Medical Cannabis Commission approves emergency regulations, begins process to make them permanent

Sept. 2, 2025, 6 p.m. ·

Cody Jester testifies at Medical Cannabis Commission meeting
Cody Jester, a Fairfield resident interested in cultivating marijuana testifies in front of the Nebraska Medical Cannabis Commission Tuesday afternoon. (Brian Beach/Nebraska Public Media News)

The Nebraska Medical Cannabis Commission approved a set of emergency regulations for the medical marijuana industry as it nears the Oct. 1 deadline to begin granting registrations to cultivators, manufacturers, transporters and dispensaries.

Two versions of regulations were presented and published on the Nebraska Liquor Control Commission's website prior to the Cannabis Commission’s Tuesday afternoon’s meeting.

The commission approved Version A, with a few small changes from what was published online. The 46-page document outlines the application process for cultivators, manufacturers, transporters and dispensaries to receive licenses and limits how many of each can be approved.

The regulations allow one dispensary license in each of the state's 12 District Court Judicial Districts, the same as in the first draft of emergency regulations approved in June. The new regulations also provide pesticide, foreign matter and microbial standards for quality assurance testing. Raw plant material and products infused with Delta-8 or Delta-10 remain banned.

Commissioners made a few changes to Version A before approving it, including increasing the cultivator licenses from two to four, and adding a subsequent application time period, with details from Section 3.06 of Version B.

The commission also added oral tablets with or without flavored coating to the list of allowable medical cannabis products.

Commissioners debated whether vaping should be allowed, with Bruce Bailey advocating for its inclusion in the new regulations. He said it can provide more immediate relief for symptoms than other methods.

“Vaping effects within one to three minutes. If you do some other orals, it's two to three hours,” he said. “That's not what you need when that child is sitting there and needing something else.”

Commission chair Dr. Monica Oldenburg disagreed.

“There is no medical society out there, FDA, CDC, American Lung Association, American Society of Anesthesia, nobody will say that vaping is medicine,” she said. “And when I've talked to every physician that I know and I ask them this, they really do look at me like I have three heads, like I'm making a funny joke.”

Vaping was included in Version B of the draft regulations, but remains unallowable in what was approved.

During a public comment period, testifiers shared their concerns with the proposed restrictions.

Denise Wegener, who said she has been using medical cannabis illegally for the last two years, said she is worried about the way the commission is limiting the ways in which cannabis can be consumed.

“I'm starting to have some symptoms where my chest begins to constrict because of my muscle spasms and because of my disorder, and it doesn't feel great, but the quickest way to alleviate that is to either smoke or vape the plant, and the quicker I can get that into my system, the faster it can alleviate some of my symptoms,” she said.

Nebraskans for Medical Marijuana executive director Krista Eggers criticized the rulemaking process and Gov.

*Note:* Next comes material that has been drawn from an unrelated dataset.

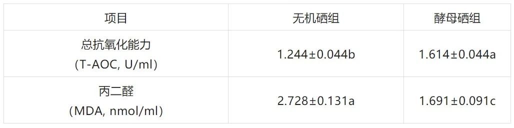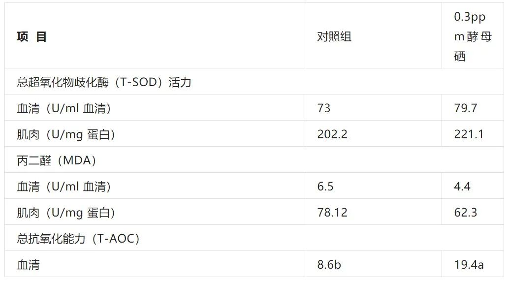 此外,下表中的數據顯示,酵母硒還能提高總超氧化物歧化酶的活力。

Jim Pillen’s influence on the commission.

“The fact that we're leaning on DHHS, an agency that has opposed medical cannabis in its entirety from the very beginning, is very concerning,” she said. “It's clear you're taking advice and guidance on rulemaking influencing outcomes of this program, as well as the governor's policy office, who are dragging in the same anti cannabis narrative that patients and families have been dealing with for over a decade.”

The emergency regulations approved Tuesday will require Pillen’s signature to go into effect for 90 days.

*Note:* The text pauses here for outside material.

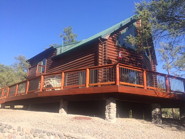 Gorgeous log-sided cabin in the ponderosa pines on nearly 2 acres, bordered by the Gila National forest. Start your hunting, hiking and horseback riding expeditions from your home base oasis in the Mimbres River Valley of south-western New Mexico. All the comfort and convenience of a modern home with stunning scenery through view windows. Great room with cathedral ceilings and a rock fireplace welcome you and your guests. Upstairs features include a 620 sq. ft. master bedroom with office area, walk-in closet, balcony and master bath. Downstairs has 2 bedrooms, bathroom, and washer-dryer. The kitchen with breakfast bar and custom cabinets provides an easy gathering spot. Relax or entertain on the wrap-a-round deck with rock grill. A large paddock, small practice arena, run-through barn, hay barn, shed and circular driveway make the property perfect for horses if you choose. A private gate leads you into bordering US forest lands where you're off to your next adventure!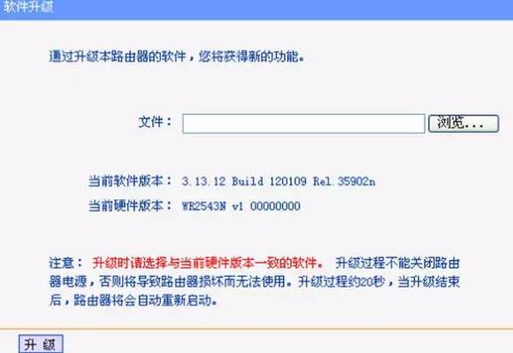 点击 浏览 按钮选择下载的文件 openwrt-ar71xx-generic-tl-wr2543-v1-squashfs-factory.bin。注意,文件名必须是...factory.bin。

The new regulations were also moved forward in the formal promulgation process, which would allow them to become permanent. That process requires a public hearing at least 30 days following the proposal. Then, the rules need the approval of Attorney General Mike Hilgers and Pillen before it can be filed with the Secretary of State. The regulations would become law five days later.

However, an opinion editorial written by Hilgers and U.S. Senator Pete Ricketts in March warned that more legal problems await, even if the Nebraska Supreme Court rules the petition process used to put the medical marijuana initiative on the ballot was legal – a case currently pending.